- [WHAT IS EXPECTED]:
Skipping all images, output the listing word for word.

····················

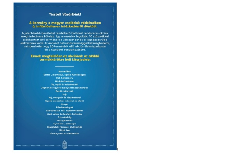 Péntek este jött ki a Magyar Közlönyben, hogy a kötelező akciókban érintett élelmiszerüzleteknek miként kell majd reklámozniuk a kormány által előírt árcsökkentéseket. A kereskedőknek a boltjuk minden bejáratánál ki kell tenni a kormányzati illetve az árstopos hirdetések hangulatát idéző plakátot, melyet itt be is mutatunk, íme.
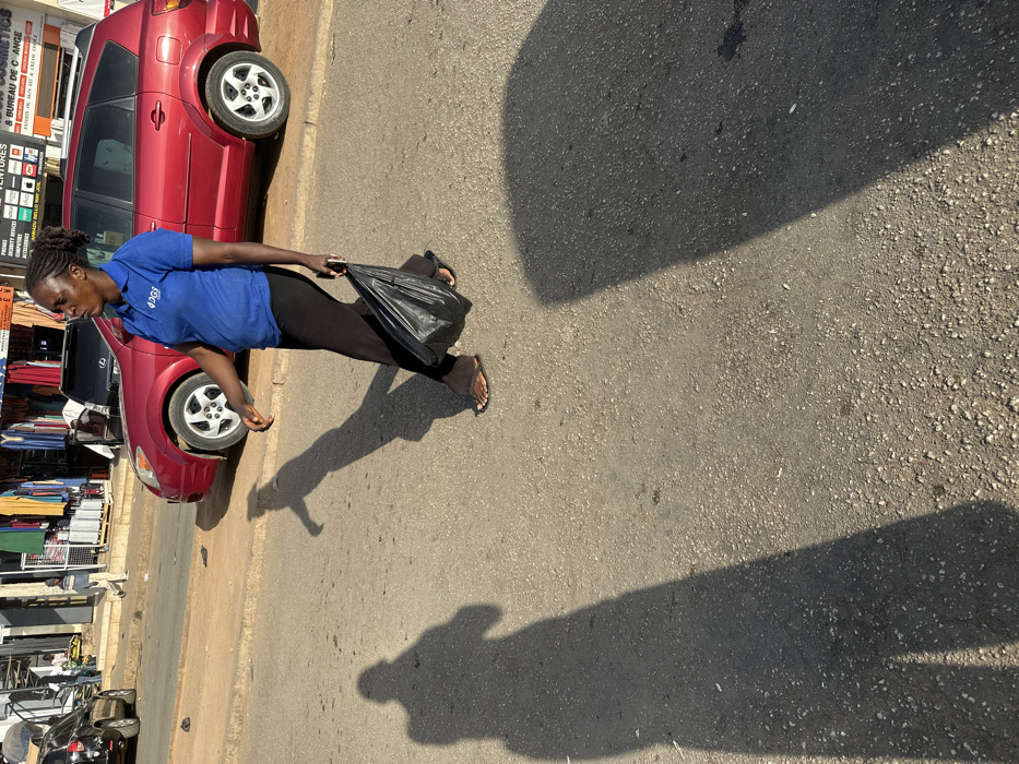 A woman in a blue shirt and black pants walks on a street near a red car. She carries a black plastic bag in her left hand. The street has asphalt and appears to be a mix of residential and commercial areas. The day is sunny, creating strong shadows on the ground from the woman and a car. A building with store signs is visible in the background.
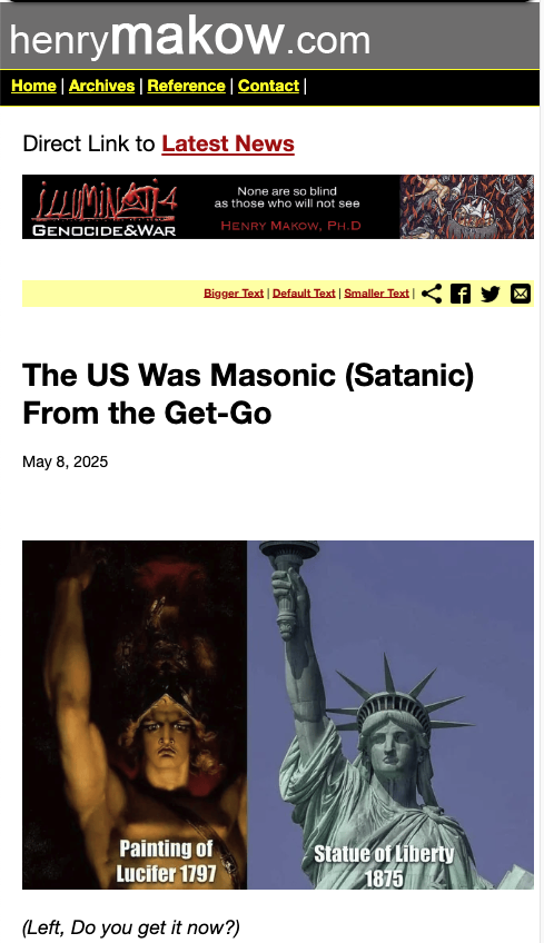 Freemasonry is the Church of Satan masquerading as a fraternal mystical philanthropic order. It fronts for Illuminati (Masonic & Cabalist Jewish) central bankers who started the US as a vehicle to advance their “New World Order.” In the words of Masonic elder Manley P. Hall, “we must also perfect the plan of the ages, setting up here the machinery for a world brotherhood of nations and races.” (“The Secret Destiny of America,” 1944, p.3)
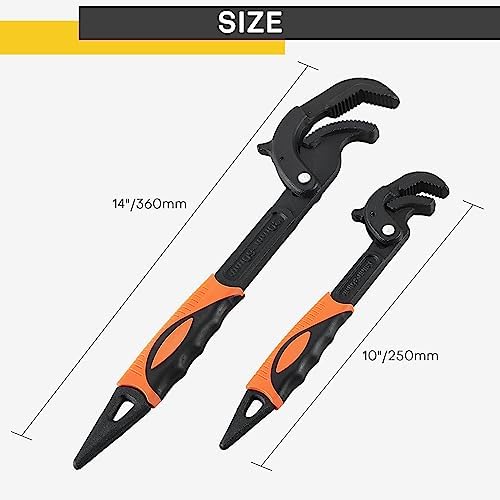 2PCS Pipe Wrench, Adjustable Wrench Multi-function Spanner, Heavy Duty Quick Wrench Water Pipe Compatible with 0.6"-2.4" / 14-60MM Pipes Nuts Screws
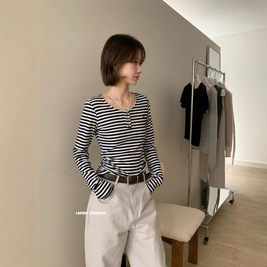 【L2172】實拍初秋圓領刺繡棉質條紋長袖T恤250923
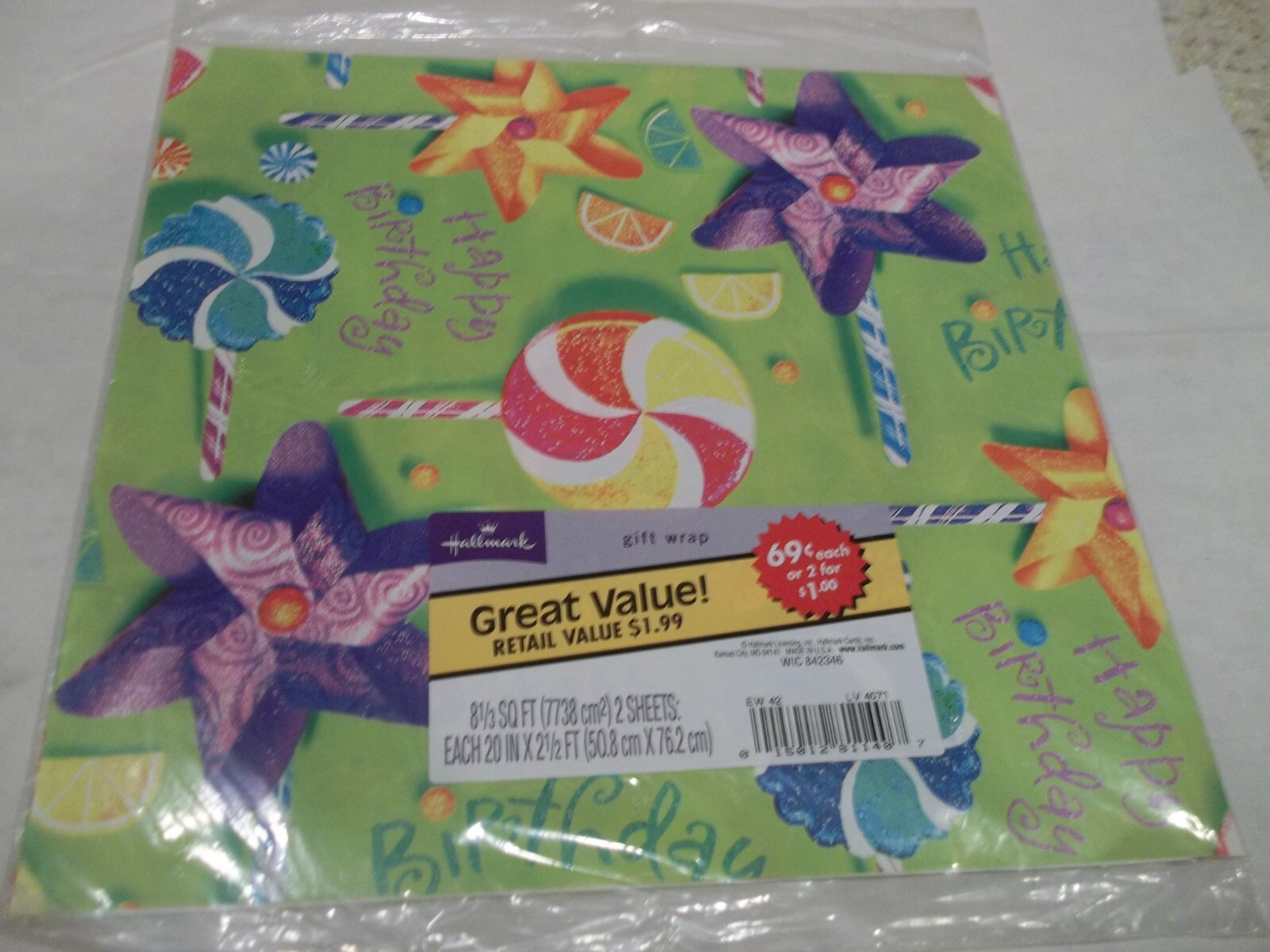 This is a 2 sheets of Suckers Lollipops gift wrap from Hallmark. It is 2.5 ft x 20".I do combine shipping just use the cart button. Please e-mail me with any questions and thanks for looking. a .aucCounter span:hover .aucCounterOrangeText .aucCounterBlueText Track Page Views WithAuctiva's FREE Counter
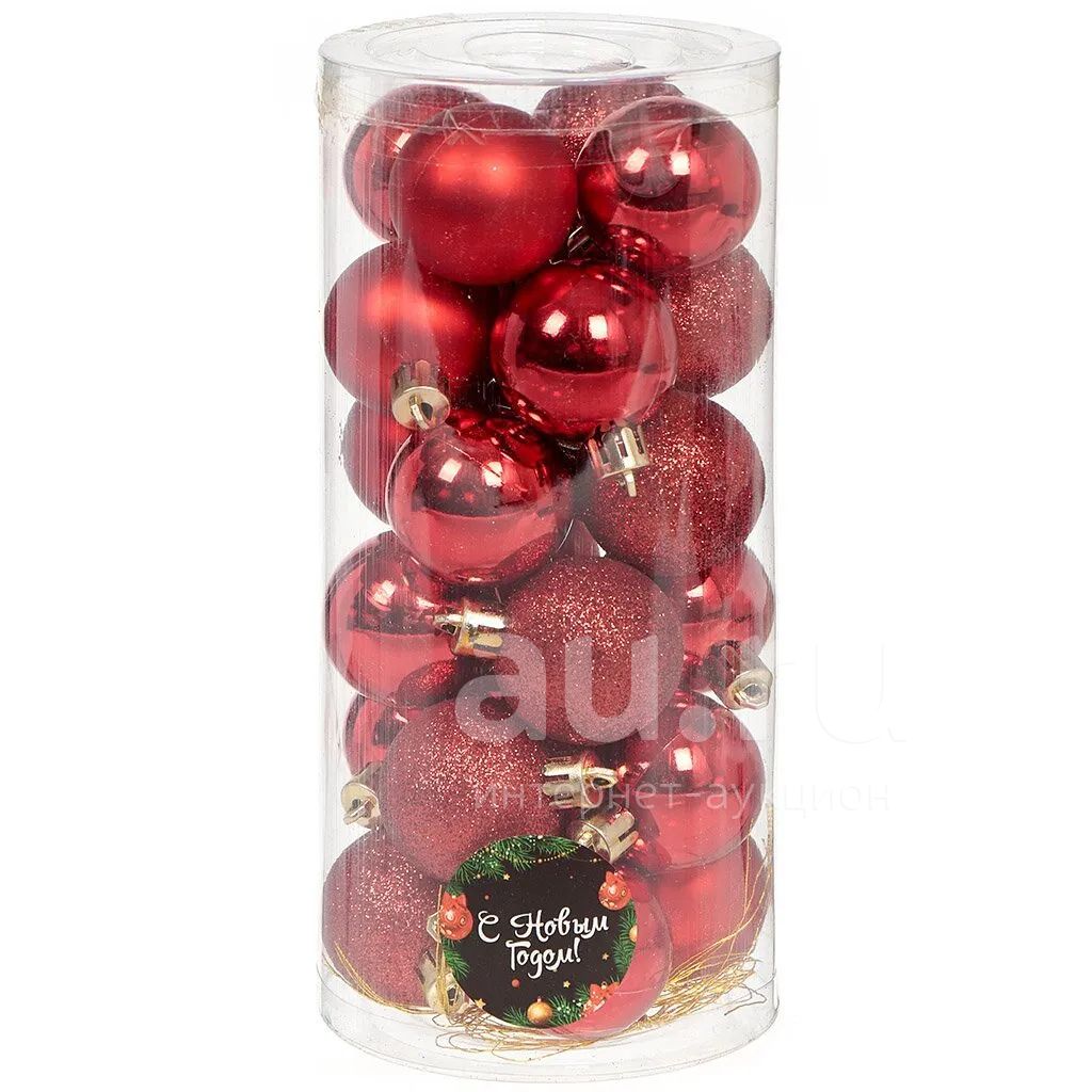 Елочные шары 24 шт., красные, 4 см — стильный и безопасный декор для дома, дачи и подарка. Небьющийся пластик, блестящее покрытие, выгодный набор.
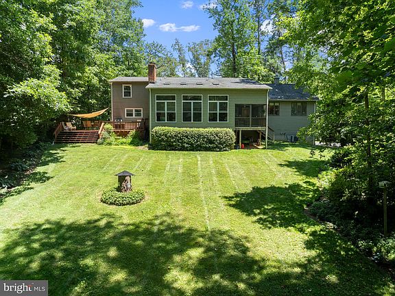 This stunning waterfront home in the gated community of Lake Caroline sits on 1.3 acres on a triple lot with 220 feet of shoreline and a boat dock. It features an open floor plan with vaulted ceilings and seven skylights throughout. You will love the abundance of natural light throughout! Custom kitchen includes granite countertops, stainless steel appliances, a double-door pantry, and a large island adjoining the great room with its four retractable skylights. From the great room step onto the screen porch or spacious deck which open to the luxuriously landscaped backyard. Easy-care perennial plantings throughout the property. The primary bedroom on main level includes full bath with custom shower and a walk-in closet. Second floor features a bedroom, full bath and a loft overlooking the great room. A major remodel in 2008 added a suite above the attached side-loaded two-car garage. The suite includes two bedrooms, a large sitting room, full bath, and is equipped with separate heating and AC. This serene home is a beautiful place to live, entertain and relax.
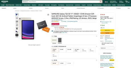 Vi pratar om Samsung Galaxy Tab S9 surfplatta. Den kan nu köpas med en 256 GB-enhet för check price on amazon ner från check price on amazon$, en rabatt på check price on amazon. Förresten kommer enheten med ett Amazon-presentkort på $ 100.
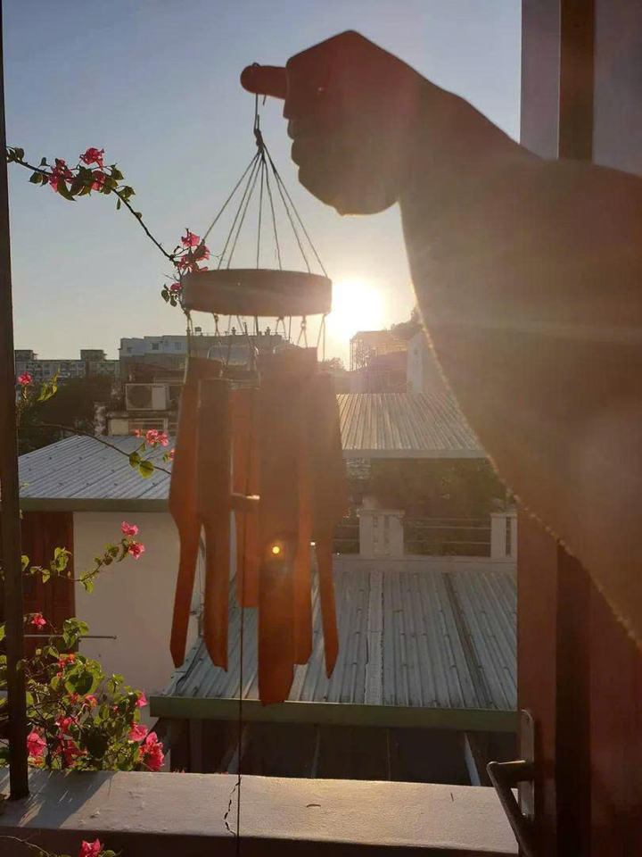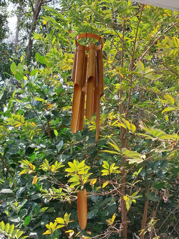 กระดิ่งลมไม้ไผ่ทำมือ รูปทรงหมวกเวียดนาม ของตกแต่งบ้าน กระดิ่งลมไม้ไผ่ธรรมชาติ เสียงไพเราะ ขนาดใหญ่ ขนาดกลาง
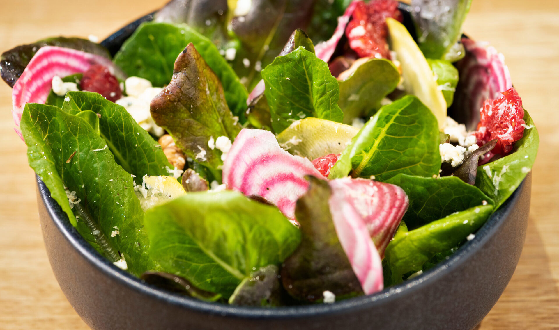 • Leikkaa salaatit kahteen osaan ja pirskottele öljyä salaattien pintaan.
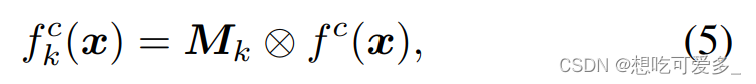 现在根据公式(5),我们把第 k 类的激活图 Mk 和 f 的 C 个通道逐个做对应像素相乘(⊗ 代表pixel-wise的乘法),然后生成 fk。标注中有的每类都要做一次,这样会得到 j 个 fk(f1, f2, f3, ...)。

····················

- [OUTPUT OF THE TASK]:
 Péntek este jött ki a Magyar Közlönyben, hogy a kötelező akciókban érintett élelmiszerüzleteknek miként kell majd reklámozniuk a kormány által előírt árcsökkentéseket. A kereskedőknek a boltjuk minden bejáratánál ki kell tenni a kormányzati illetve az árstopos hirdetések hangulatát idéző plakátot, melyet itt be is mutatunk, íme.
 A woman in a blue shirt and black pants walks on a street near a red car. She carries a black plastic bag in her left hand. The street has asphalt and appears to be a mix of residential and commercial areas. The day is sunny, creating strong shadows on the ground from the woman and a car. A building with store signs is visible in the background.
 Freemasonry is the Church of Satan masquerading as a fraternal mystical philanthropic order. It fronts for Illuminati (Masonic & Cabalist Jewish) central bankers who started the US as a vehicle to advance their “New World Order.” In the words of Masonic elder Manley P. Hall, “we must also perfect the plan of the ages, setting up here the machinery for a world brotherhood of nations and races.” (“The Secret Destiny of America,” 1944, p.3)
 2PCS Pipe Wrench, Adjustable Wrench Multi-function Spanner, Heavy Duty Quick Wrench Water Pipe Compatible with 0.6"-2.4" / 14-60MM Pipes Nuts Screws
 【L2172】實拍初秋圓領刺繡棉質條紋長袖T恤250923
 This is a 2 sheets of Suckers Lollipops gift wrap from Hallmark. It is 2.5 ft x 20".I do combine shipping just use the cart button. Please e-mail me with any questions and thanks for looking. a .aucCounter span:hover .aucCounterOrangeText .aucCounterBlueText Track Page Views WithAuctiva's FREE Counter
 Елочные шары 24 шт., красные, 4 см — стильный и безопасный декор для дома, дачи и подарка. Небьющийся пластик, блестящее покрытие, выгодный набор.
 This stunning waterfront home in the gated community of Lake Caroline sits on 1.3 acres on a triple lot with 220 feet of shoreline and a boat dock. It features an open floor plan with vaulted ceilings and seven skylights throughout. You will love the abundance of natural light throughout! Custom kitchen includes granite countertops, stainless steel appliances, a double-door pantry, and a large island adjoining the great room with its four retractable skylights. From the great room step onto the screen porch or spacious deck which open to the luxuriously landscaped backyard. Easy-care perennial plantings throughout the property. The primary bedroom on main level includes full bath with custom shower and a walk-in closet. Second floor features a bedroom, full bath and a loft overlooking the great room. A major remodel in 2008 added a suite above the attached side-loaded two-car garage. The suite includes two bedrooms, a large sitting room, full bath, and is equipped with separate heating and AC. This serene home is a beautiful place to live, entertain and relax.
 Vi pratar om Samsung Galaxy Tab S9 surfplatta. Den kan nu köpas med en 256 GB-enhet för check price on amazon ner från check price on amazon$, en rabatt på check price on amazon. Förresten kommer enheten med ett Amazon-presentkort på $ 100.
 กระดิ่งลมไม้ไผ่ทำมือ รูปทรงหมวกเวียดนาม ของตกแต่งบ้าน กระดิ่งลมไม้ไผ่ธรรมชาติ เสียงไพเราะ ขนาดใหญ่ ขนาดกลาง
 • Leikkaa salaatit kahteen osaan ja pirskottele öljyä salaattien pintaan.
 现在根据公式(5),我们把第 k 类的激活图 Mk 和 f 的 C 个通道逐个做对应像素相乘(⊗ 代表pixel-wise的乘法),然后生成 fk。标注中有的每类都要做一次,这样会得到 j 个 fk(f1, f2, f3, ...)。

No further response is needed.